Ги де Мопассан. Аллума

 
   Начало произведения II    Комментарии:

<< пред. <<   >> след. >>

     II
     
     Целый месяц я был очень счастлив с нею и странным образом привязался к этому существу чужой расы, казавшемуся мне как бы существом другой породы, рожденным на иной планете.
     Я не любил ее, нет, нельзя любить дочерей этой первобытной страны. Между ними и нами, даже между ними и мужчинами их племени, никогда не расцветает голубой цветок северных стран. В этих женщинах еще слишком много животных инстинктов, души их слишком примитивны, чувства недостаточно развиты, чтобы пробудить в нас сентиментальный восторг, составляющий поэзию любви. Ничто духовное, никакое опьянение ума не примешивается к чувственному опьянению, которое вызывают в нас эти обворожительные и ничтожные создания.
     Однако они держат нас в своей власти, они опутывают нас, как и прочие женщины, только по-иному, не так цепко, не так жестоко, не так мучительно.

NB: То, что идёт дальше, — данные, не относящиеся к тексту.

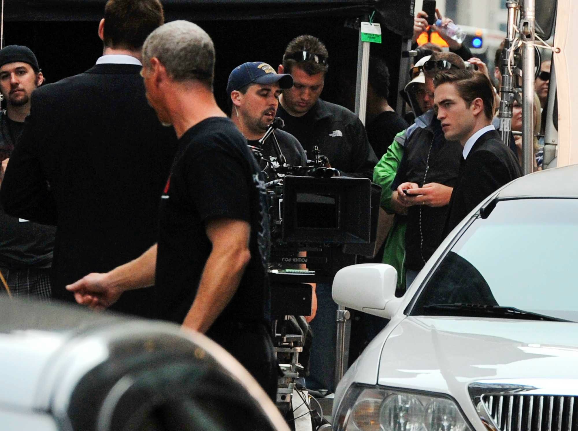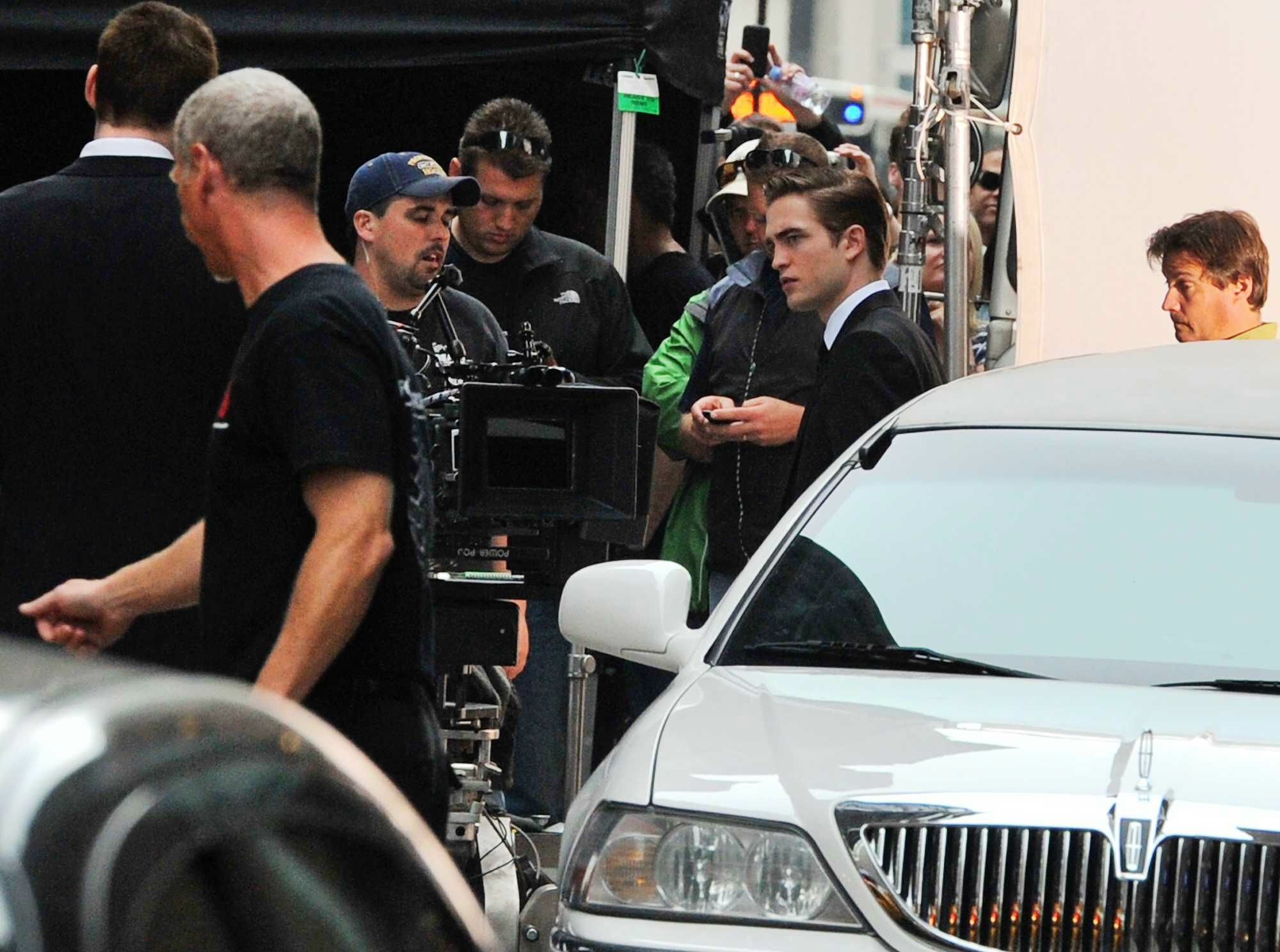 Here are some new pics of Robert Pattinson on the set of Cosmopolis today.

     Чувство, которое я испытывал к этой девушке, я и сейчас не сумел бы определить. Я уже говорил вам, что этот край, эта оголенная Африка, страна без искусств, без всяких духовных развлечений, постоянно покоряет наше тело незнакомым, но неотразимым очарованием, лаской воздуха, неизменной прелестью утренних и вечерних зорь, лучезарным светом, благотворным воздействием на все наши чувства. Так вот, Аллума покорила меня таким же образом — множеством скрытых чар, пленительных, чисто физических, ленивой восточной негой своих объятий, своей любовной покорностью.

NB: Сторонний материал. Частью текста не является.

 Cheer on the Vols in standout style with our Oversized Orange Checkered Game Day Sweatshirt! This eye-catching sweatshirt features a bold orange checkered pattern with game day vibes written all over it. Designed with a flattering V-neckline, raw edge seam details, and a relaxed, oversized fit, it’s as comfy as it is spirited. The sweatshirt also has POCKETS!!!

     Я дал ей полную свободу; она могла уходить из дому, когда ей вздумается, и по крайней мере через день проводила послеполуденные часы в соседнем поселке, среди жен моих работников-туземцев. Нередко она целыми днями любовалась своим отражением в зеркале шкафа из красного дерева, который я выписал из Милианы. Она без зазрения совести восхищалась собой, стоя перед большой зеркальной дверцей и изучая каждое свое движение с глубоким и серьезным вниманием. Она выступала, слегка запрокинув голову, чтобы видеть свои бедра и стан, поворачивалась, отходила, подходила ближе, а затем, утомившись, усаживалась на подушки против зеркала, не спуская с него глаз, со строгим лицом, вся погрузившись в созерцание.
     Вскоре я заметил, что она почти каждый день уходит куда-то после завтрака и пропадает до вечера.

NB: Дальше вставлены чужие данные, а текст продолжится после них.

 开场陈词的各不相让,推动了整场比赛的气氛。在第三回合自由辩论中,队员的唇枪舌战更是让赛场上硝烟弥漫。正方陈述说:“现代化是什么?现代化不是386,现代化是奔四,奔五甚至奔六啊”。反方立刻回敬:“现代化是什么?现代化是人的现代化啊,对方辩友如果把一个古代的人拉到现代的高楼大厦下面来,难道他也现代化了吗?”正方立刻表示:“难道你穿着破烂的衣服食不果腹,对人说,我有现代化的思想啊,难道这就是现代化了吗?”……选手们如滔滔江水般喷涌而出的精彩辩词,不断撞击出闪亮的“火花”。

     Слегка обеспокоенный, я спросил Магомета, не знает ли он, что она делает в эти долгие часы отсутствия. Он ответил спокойно:
      — Не тревожься, ведь скоро рамадан. Должно быть, он ходит на молитву.
     Он тоже, казалось, был рад, что Аллума живет у нас в доме; но ни разу не заметил я между ними ничего подозрительного, ни разу мне не показалось, что они прячутся от меня, сговариваются или что-нибудь скрывают.
     И я примирился с создавшимся положением, не вникая в него, предоставляя все времени, случаю и самой жизни.
     Нередко, обойдя свои земли, виноградники и пашни, я отправлялся пешком в дальние прогулки. Вам знакомы великолепные леса в этой части Алжира, почти непроходимые овраги, где поваленные кедры преграждают течение горных потоков, узкие долины олеандров, которые с высоты гор кажутся восточными коврами, разостланными по берегам речки. Вы знаете, что повсюду в лесах и на склонах холмов, где как будто еще не ступала нога человека, можно натолкнуться на снежно-белый купол куббы, где покоятся кости какого-нибудь смиренного марабута-отшельника, гробницу которого лишь изредка посещают особенно рьяные почитатели, приходящие из соседнего дуара со свечой, чтобы возжечь ее на могиле святого.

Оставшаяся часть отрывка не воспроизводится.